I realize I am the minority opinion on this one, but my experience is, yeah, it can be true. Sample size = one.

We really always have been the best of friends, a reasonably good team for getting things done, got each other's backs, laugh a lot together, no nastiness (beyond what you would expect from flawed creatures), etc. We always have been able to and still do talk for hours about anything -- religion, politics, fashion, psychology -- and rarely get bored. We vacation well together. We're good with each others' families. Etc Etc Etc. We've both done a lot of growing up over the past few years, and both realize some problem dynamics in ourselves that naturally affected our relationship ... but truly, all pretty minor stuff.

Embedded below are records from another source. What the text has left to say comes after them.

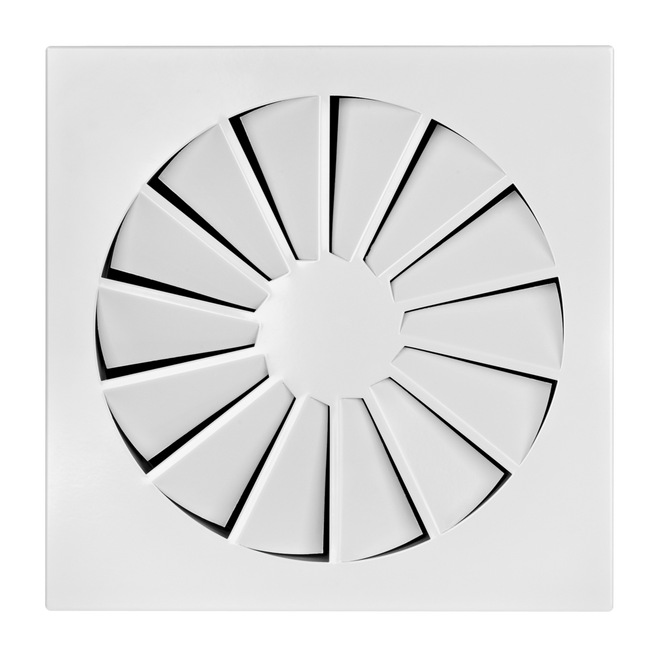 RFD-SIRIUS is an air terminal device combined with a VAV terminal unit. The ceiling diffuser with a square or circular diffuser face is preferably used as a supply air diffuser for comfort zones. The fixed air control blades allow for horizontal swirling supply air discharge creating high induction levels. The diffuser is suitable for installation into all types of suspended ceilings. The diffuser is fixed with a central fixing screw to the cross bar (no tools required); the cross bar is inserted into the SIRIUS plenum box (no tools required) and held in place with magnets. The SIRIUS plenum box is fitted with two spigots, one for connection to the ductwork and another one for connection of the diffuser face. The SIRIUS plenum box contains two cylinders, one fitted inside the other; one of the cylinders is perforated. The perforated cylinder is moved along a toothed bar upon control input from the volume flow controller, and the free area changes as a consequence. A fleece covering the perforated cylinder acts as an equalising element. This special construction feature allows for omitting any additional sound attenuator.
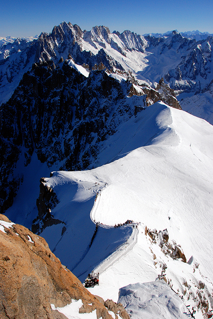 In the background are the Grandes Jorasses (far left), its ridge extending westwards to end at the spike of the Dent du Géant. The smaller peaks along that same ridgeline are Pointe Helbronner, the Grand Flambeau, the Aiguille de Toule, and the Aiguille d'Entreves. |
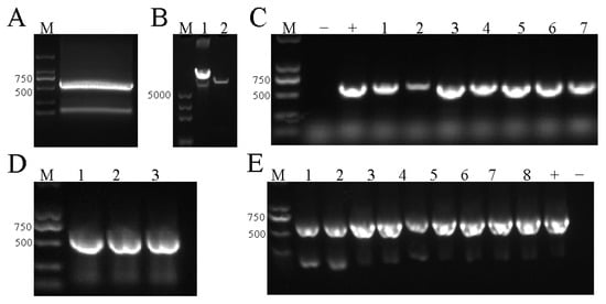 The recombinant plasmid was introduced into E. coli DH5α competent cells using heat shock. Positive clones were identified using bacterial PCR, followed by culture expansion and extraction of the recombinant plasmid. Plasmid PCR was conducted to identify transformants, and the recombinant plasmid was then sequenced.
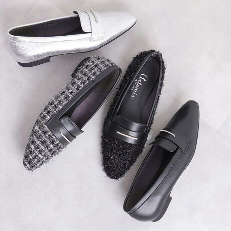 【片足150g】軽量 ラインストーンバー ソフトスクエアトゥローファー

Except for the sex. And the physical touch in general. My realization that my desires in those areas were far far far from fulfilled and I was no longer willing to accept a starvation diet was what upset the applecart. I won't claim to have handled most of it well, but it could have been worse; the board really helped. Before that, though, the sex conflict was beginning to morph into your basic garden variety power struggle and threatening to destabilize the whole relationship. Spending time with him just wasn't as fun anymore, and I found myself tending to want to deny him what I knew he held dear just for the sake of revenge ... very unlike me. The tension accompanying the unresolved sex/touch issues began to cloud and poison every interaction. The resentment which started out as, "He won't have sex as much as I want/relax into it, let himself go, and connect with me the way I want/cuddle with me without vibing like a reluctant cat" turned into, "He really doesn't care that I'm this unhappy; bastard!" It was getting really easy to lose Lil's "Assumption of Good Will" (or is it "Intent"? which I love, btw).

And it really wasn't him being a bastard. I wasn't able to articulate (even to myself) what was missing for *years*. Then when I did, he didn't jump on the bandwagon right away (how dare he! grin). In retrospect, it was almost a classical Schnarchian Crucible scenario; me jumping into mine sent him into his, where he had to confront some very different issues, and it took us awhile (over a year, all told) to get back in sync. So it wasn't me begging for years and him ignoring it, which would indeed be a red flag for trouble elsewhere.

I guess what I'm trying to say is, does it matter? Even if everything is hunky-dory everywhere else, it would take a saint to be able to compartmentalize the sex conflict and not allow it to bleed over into everything else ... primarily, their attitude. People who feel guilty about considering leaving or throwing down gauntlets because "It's just the sex; everything else is great" are missing the fact that it won't *stay* "just the sex".


"Show me a completely smooth operation and I'll show you someone who's covering mistakes.